----- Material for the task -----

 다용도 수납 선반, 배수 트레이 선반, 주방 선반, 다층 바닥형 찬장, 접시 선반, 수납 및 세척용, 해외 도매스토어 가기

-----
----- Material for the task -----

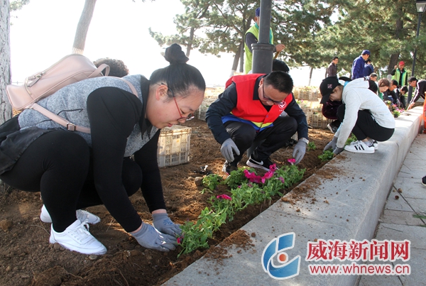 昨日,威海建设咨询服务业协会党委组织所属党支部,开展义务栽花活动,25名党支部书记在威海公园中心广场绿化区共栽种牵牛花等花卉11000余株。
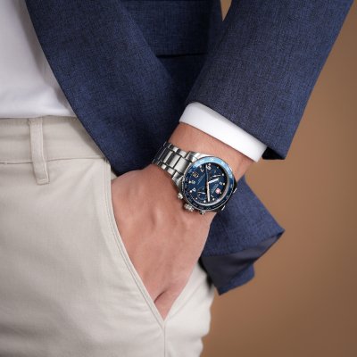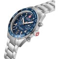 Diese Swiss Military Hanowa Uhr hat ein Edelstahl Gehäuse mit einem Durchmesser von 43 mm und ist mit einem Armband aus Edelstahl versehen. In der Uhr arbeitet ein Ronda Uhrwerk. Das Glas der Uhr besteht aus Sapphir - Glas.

-----

** Exercise **
Using the data above, return the lines from the one holding "昨日,威海建设咨询服务业协会" through the one holding "Diese Swiss Military" exactly, but not the pictures.

** Response **
 昨日,威海建设咨询服务业协会党委组织所属党支部,开展义务栽花活动,25名党支部书记在威海公园中心广场绿化区共栽种牵牛花等花卉11000余株。
 Diese Swiss Military Hanowa Uhr hat ein Edelstahl Gehäuse mit einem Durchmesser von 43 mm und ist mit einem Armband aus Edelstahl versehen. In der Uhr arbeitet ein Ronda Uhrwerk. Das Glas der Uhr besteht aus Sapphir - Glas.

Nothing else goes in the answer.